■ **What you should do**
Quote the data exactly, first line to the line containing "Phin lọc hút", with no pictures.

■ **Listed records**
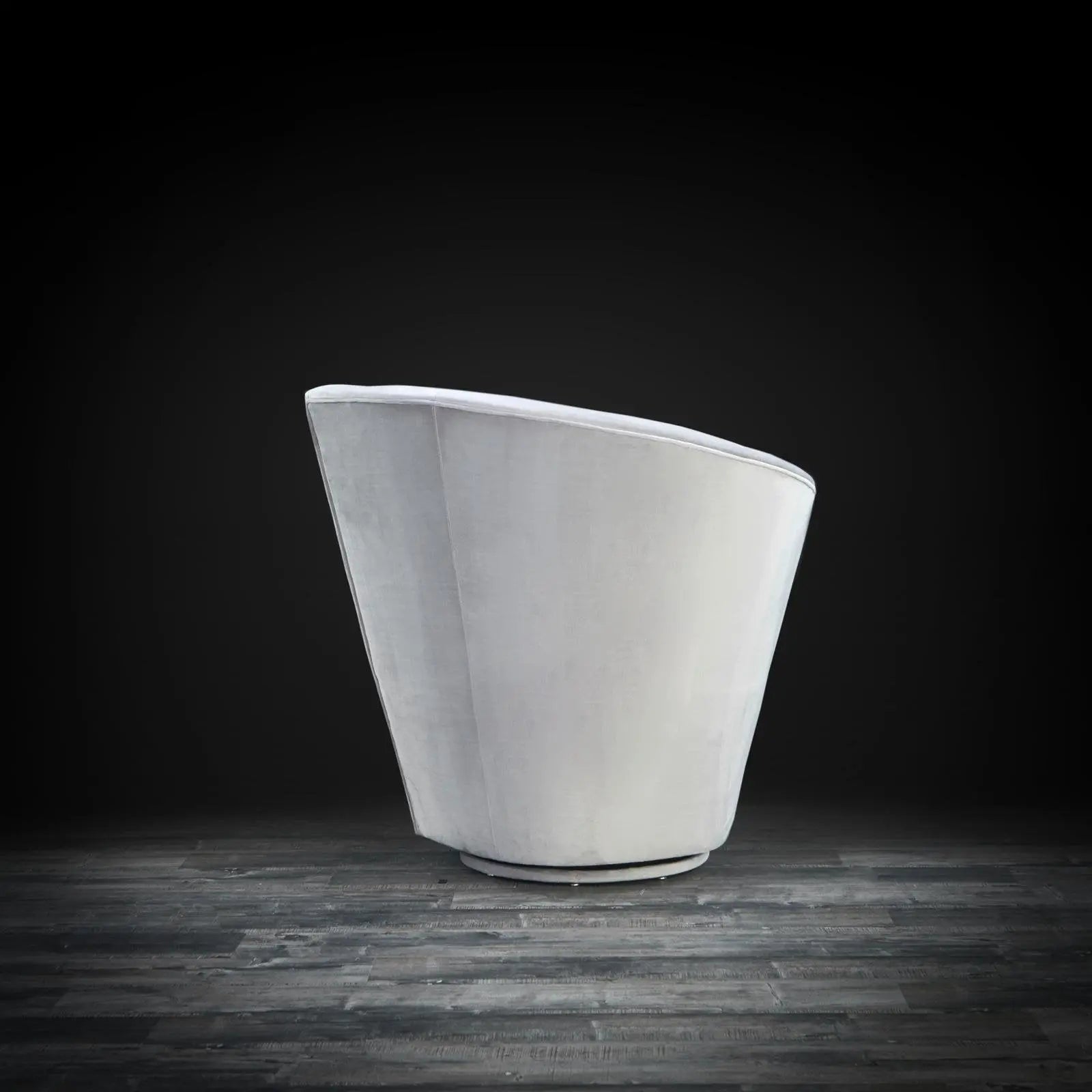 The Tulip one arm swivel chair features full upholstered seating and back with vertical channeling, and even the swivel base is upholstered in the matching velvet. It is available in RAF or LAF formats which is the one side of the back is higher than the other for added design element. The Tulip swivel chair is the perfect match for the Tulip sofa set or the Lotus sectional.
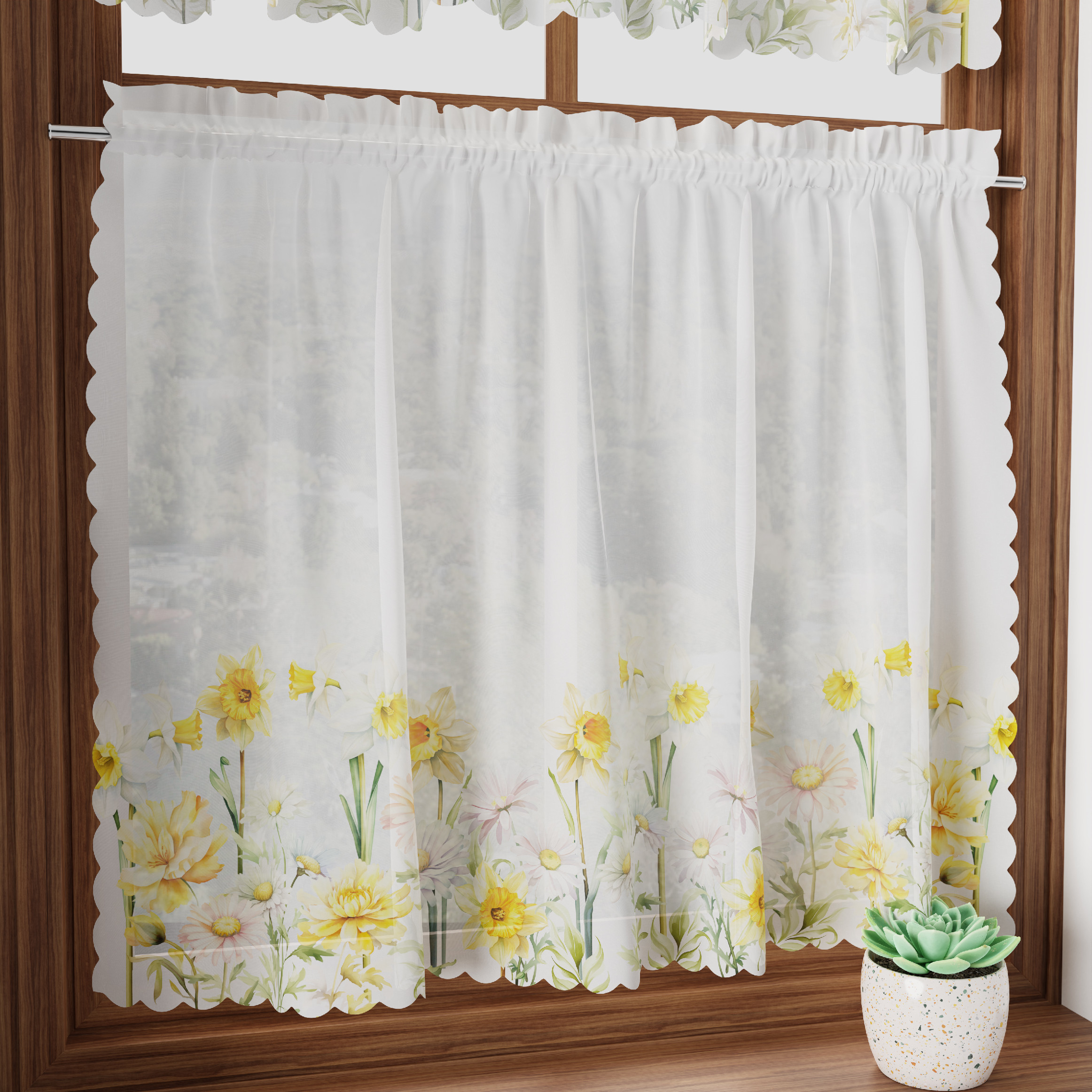 Nádherná jarní vitrážová záclona. Hotová dekorační voálová vitrážová záclona s jarním motivem je ideální na zavěšení do kuchyně. Vitrážová záclona má tunýlek na tyčovou gárnyž.Rozměr : 1x 100x60 cm - šířka 100 cm výška 60 cm przeczytaj całość
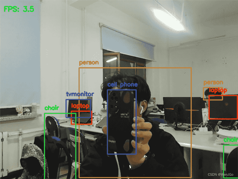 显示结果:在屏幕上实时显示处理后的视频帧,并计算显示fps(每秒帧数)。
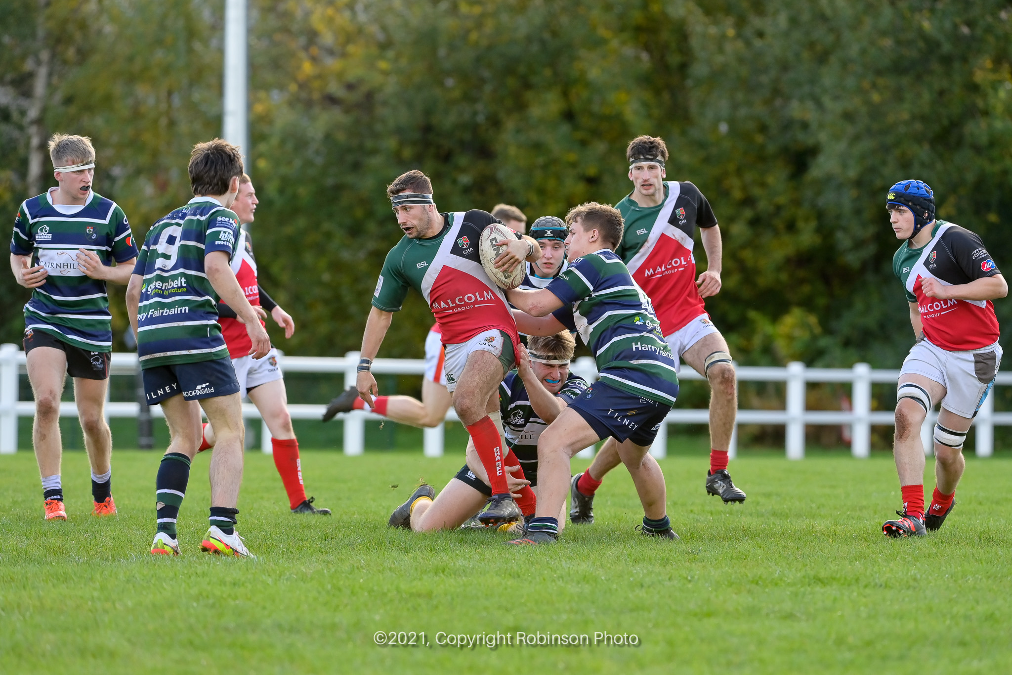 Action from the GHA2 v GHK2 Tennents West Reserve League Div 1 match at Braidholm, Glasgow on Saturday, 30 October 2021 Photographer : Colin Robinson Filename : 20211030-GHA2-v-GHK2-255-CR
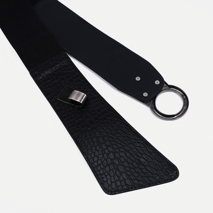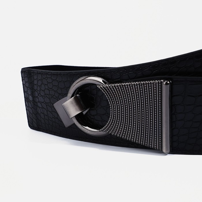 Ремень женский, ширина 10 см, на резинке, пряжка металл, цвет чёрный
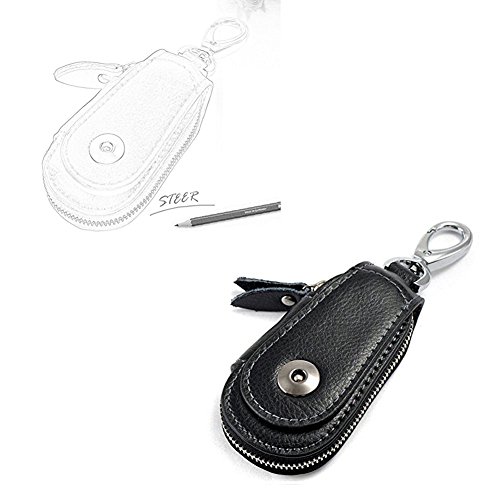 -. Title : Kumeed Black Genuine Leather Car Key Case Cover Holder Pouch Remote Key Chains Key Bag
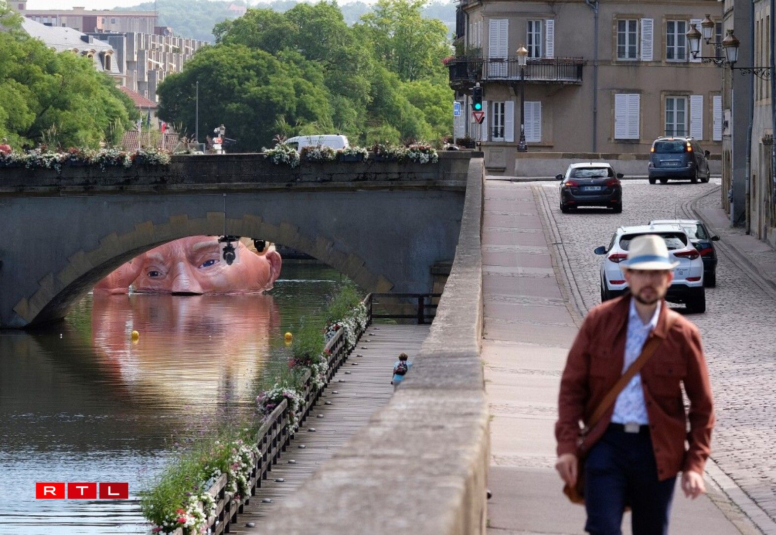 Drowning Donald Trump art installation in Metz (05.07.19)
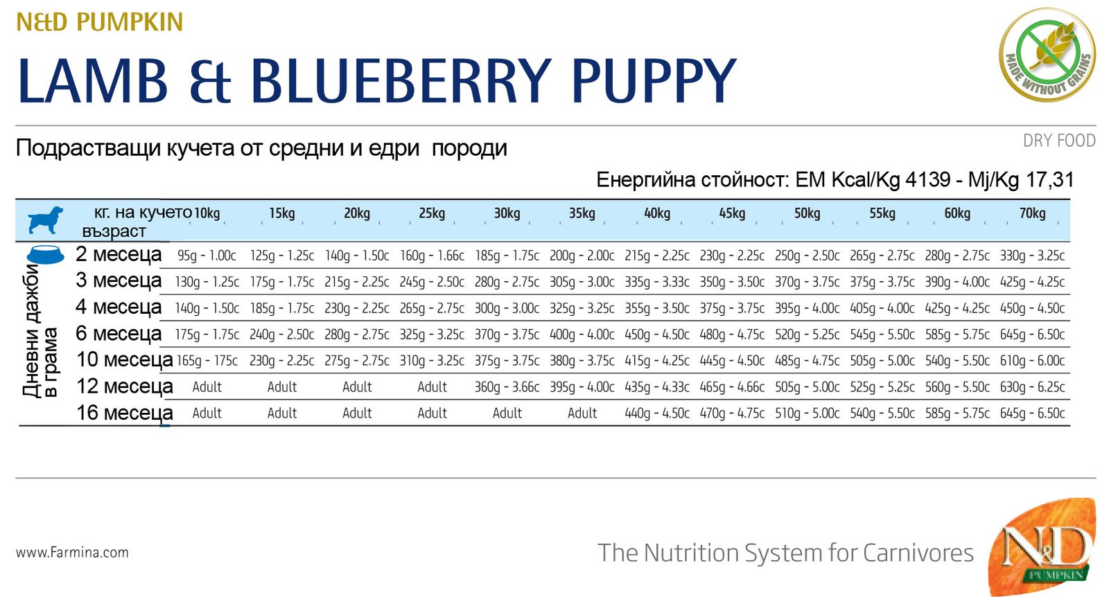 N&D Pumpkin Lamb & Blueberry Puppy Medium&Maxi – суха храна без зърнени култури за подрастващи кученца от средни и едри породи с агнешко, тиква и боровинки
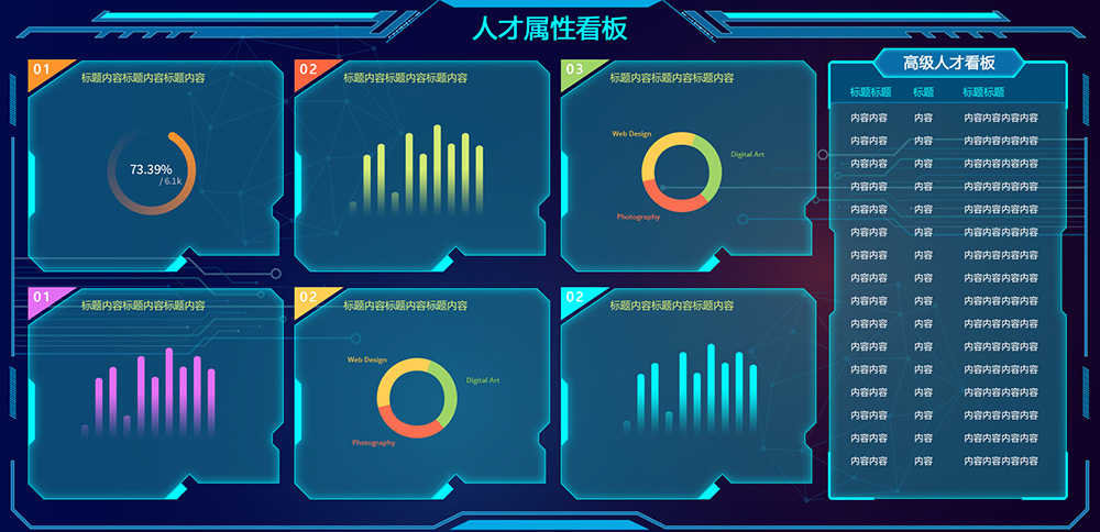 w2258-psd属性蓝色科技感大数据展示看板大屏ui设计模板源文件下载
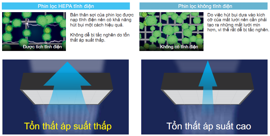 Phin lọc hút bụi hiệu quả bằng lực tỉnh điện, bui khó bị tắc hơn so với những phin lọc HEPA không tích điện khác hút bụi dựa vào độ mịn của lưới lọc. Vì vậy không khí lớn hơn có thể đi qua phin lọc. Nhờ đó mà phin lọc có thể lọc được lượng không khí nhiều hơn
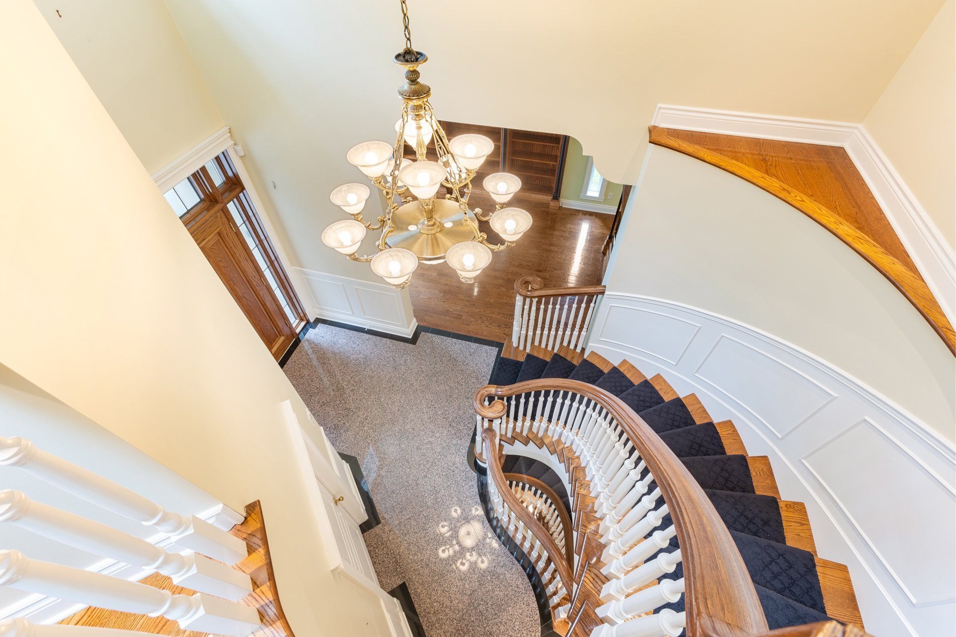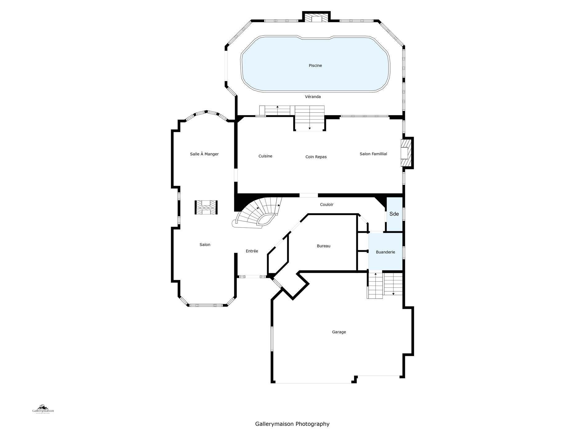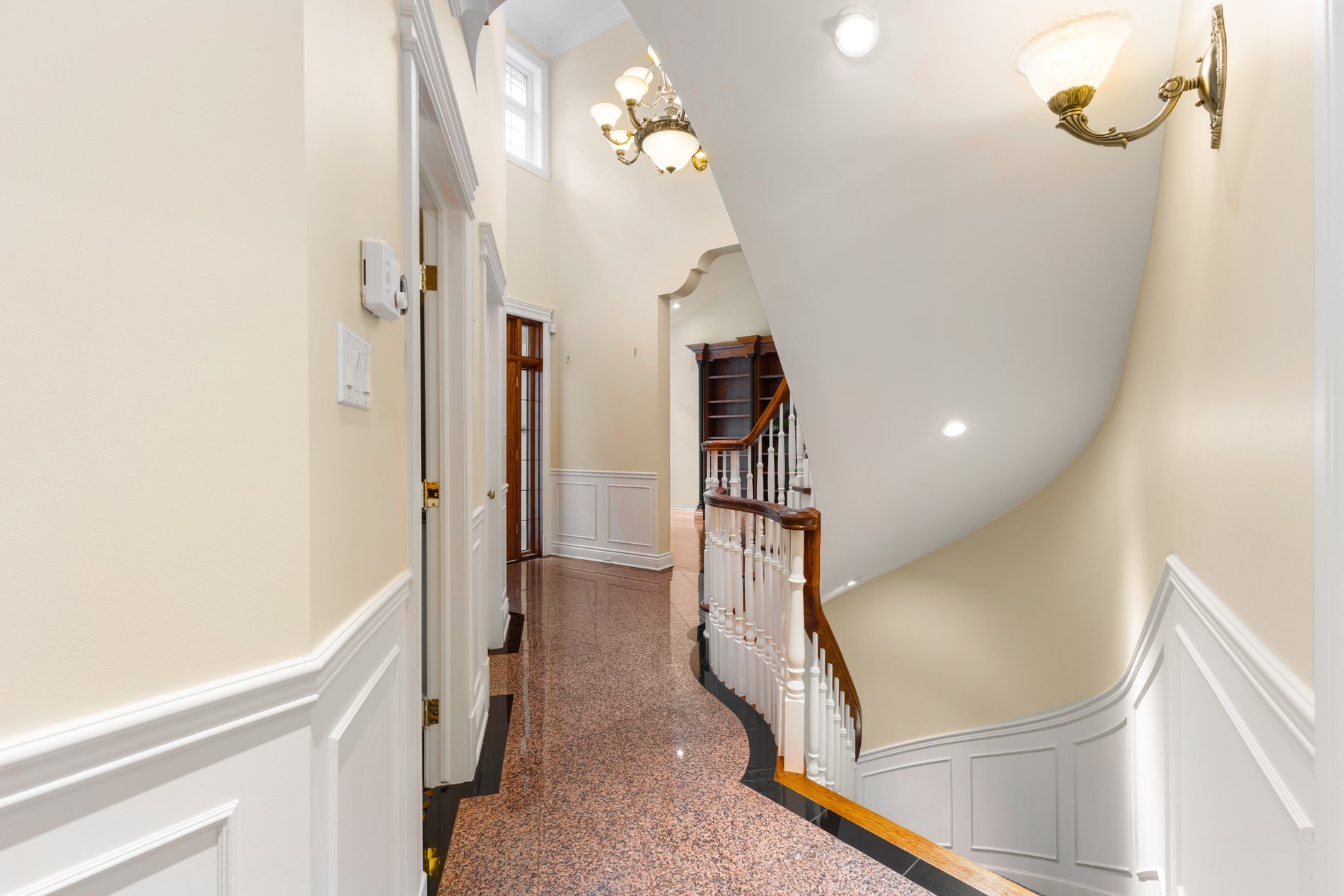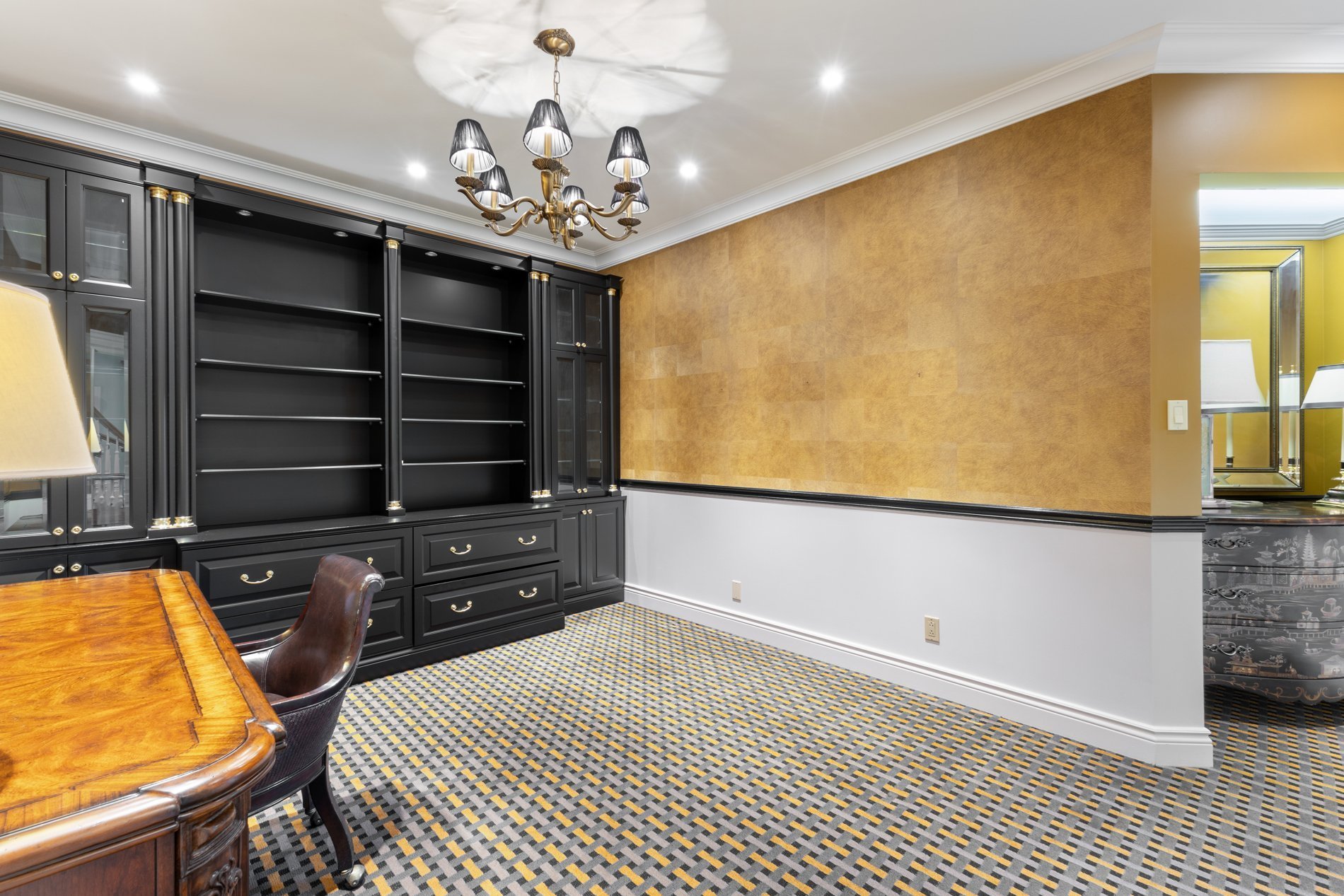 The ground floor also features a conveniently located and well appointed home office, offering a quiet and functional workspace. A discreet powder room and spacious laundry room offering access to the 3-car garage.

■ **Expected output**
 The Tulip one arm swivel chair features full upholstered seating and back with vertical channeling, and even the swivel base is upholstered in the matching velvet. It is available in RAF or LAF formats which is the one side of the back is higher than the other for added design element. The Tulip swivel chair is the perfect match for the Tulip sofa set or the Lotus sectional.
 Nádherná jarní vitrážová záclona. Hotová dekorační voálová vitrážová záclona s jarním motivem je ideální na zavěšení do kuchyně. Vitrážová záclona má tunýlek na tyčovou gárnyž.Rozměr : 1x 100x60 cm - šířka 100 cm výška 60 cm przeczytaj całość
 显示结果:在屏幕上实时显示处理后的视频帧,并计算显示fps(每秒帧数)。
 Action from the GHA2 v GHK2 Tennents West Reserve League Div 1 match at Braidholm, Glasgow on Saturday, 30 October 2021 Photographer : Colin Robinson Filename : 20211030-GHA2-v-GHK2-255-CR
 Ремень женский, ширина 10 см, на резинке, пряжка металл, цвет чёрный
 -. Title : Kumeed Black Genuine Leather Car Key Case Cover Holder Pouch Remote Key Chains Key Bag
 Drowning Donald Trump art installation in Metz (05.07.19)
 N&D Pumpkin Lamb & Blueberry Puppy Medium&Maxi – суха храна без зърнени култури за подрастващи кученца от средни и едри породи с агнешко, тиква и боровинки
 w2258-psd属性蓝色科技感大数据展示看板大屏ui设计模板源文件下载
 Phin lọc hút bụi hiệu quả bằng lực tỉnh điện, bui khó bị tắc hơn so với những phin lọc HEPA không tích điện khác hút bụi dựa vào độ mịn của lưới lọc. Vì vậy không khí lớn hơn có thể đi qua phin lọc. Nhờ đó mà phin lọc có thể lọc được lượng không khí nhiều hơn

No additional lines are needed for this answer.